Com a união do SPÖ e do FPÖ, formou-se a maioria necessária para derrubar Kurz. Ao todo, 110 dos 183 parlamentares votaram pela destituição. Agora o presidente Alexander van der Bellen (dos Verdes) terá que formar um gabinete para governar provisoriamente até as eleições antecipadas, que deverão acontecer em setembro. Antes desse desfecho, no entanto, o FPÖ estava dentro do governo, em coalizão com a direita tradicional.

A queda do FPÖ

Pouco antes das eleições para o Parlamento Europeu, o vice-primeiro-ministro da Áustria, Hans-Christian Strache anunciou em uma coletiva de imprensa que estava renunciando ao cargo, no último dia 18. Um dia antes, a imprensa alemã (o jornal Süddeutsche Zeitung e a revista Der Spiegel) divulgaram um vídeo em que Strache aparece negociando com uma suposta sobrinha de um “oligarca” russo em Ibiza, na Espanha. Diante de uma câmera escondida, Strache negocia apoio à campanha eleitoral de 2017.
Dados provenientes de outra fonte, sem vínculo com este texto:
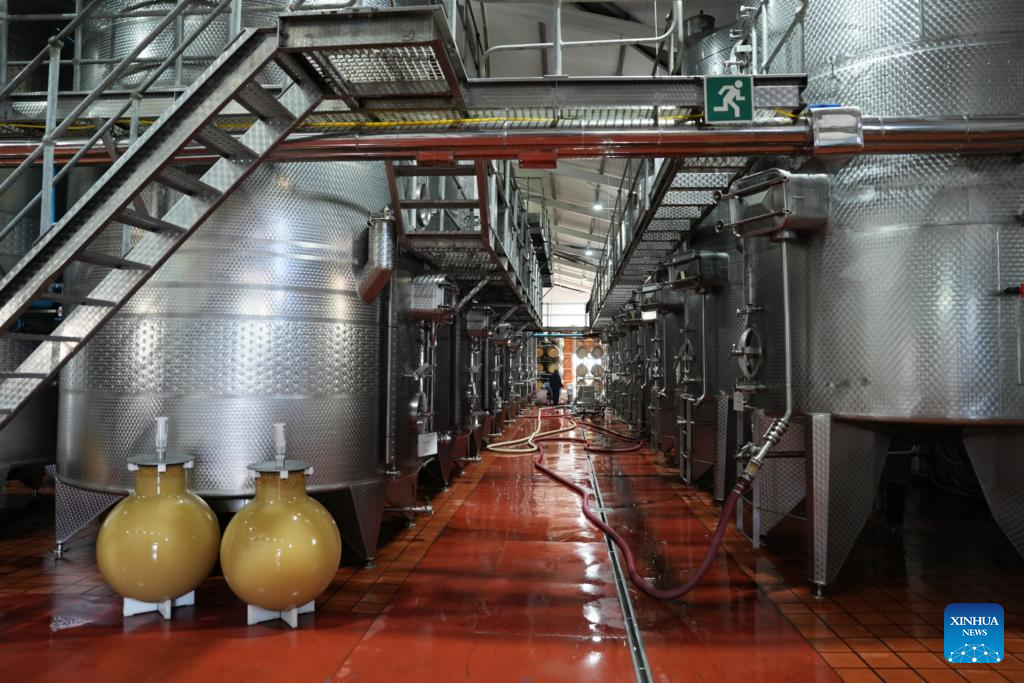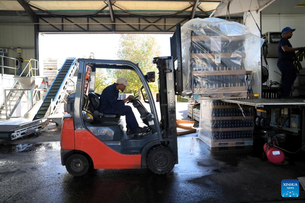 CAPE TOWN, April 5 (Xinhua) -- Under the soft glow of early autumn in the Southern Hemisphere, bottling lines hum steadily at Diemersdal Wine Estate in South Africa's Cape Town. The harvest season has just passed, leaving rows of vines neatly stripped of their grapes, yet the winery remains in full motion.
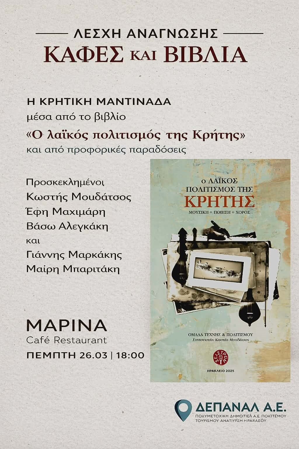 Με αφιέρωμα στην κρητική μαντινάδα, την πιο αυθεντική μορφή λαϊκής ποίησης, με αφορμή και την πρόσφατη Παγκόσμια Ημέρα Ποίησης, συνεχίζει η Λέσχη Ανάγνωσης «Καφές και Βιβλία», στο ΜΑΡΙΝΑ Café Restaurant.

Depois da renúncia de Strache, Kurz demitiu o ministro do Interior, membro do FPÖ. Depois disso, os demais ministros do FPÖ que faziam parte da coalizão também se demitiram em solidariedade, e a coalizão desmoronou. O primeiro-ministro pediu então ao presidente que antecipasse as eleições, mas esperava ficar no governo até setembro. Com a moção votada na segunda-feira, esse plano foi frustrado.

A manobra

A manobra de usar denúncias de corrupção para derrubar políticos é um mecanismo já bastante conhecido de quem acompanha a política. No caso da Áustria, o alvo foi a extrema-direita. O problema para o regime burguês em todo o bloco da União Europeia é que seus partidos tradicionais estão desintegrando, e a extrema-direita está crescendo diante dessa crise política do regime burguês.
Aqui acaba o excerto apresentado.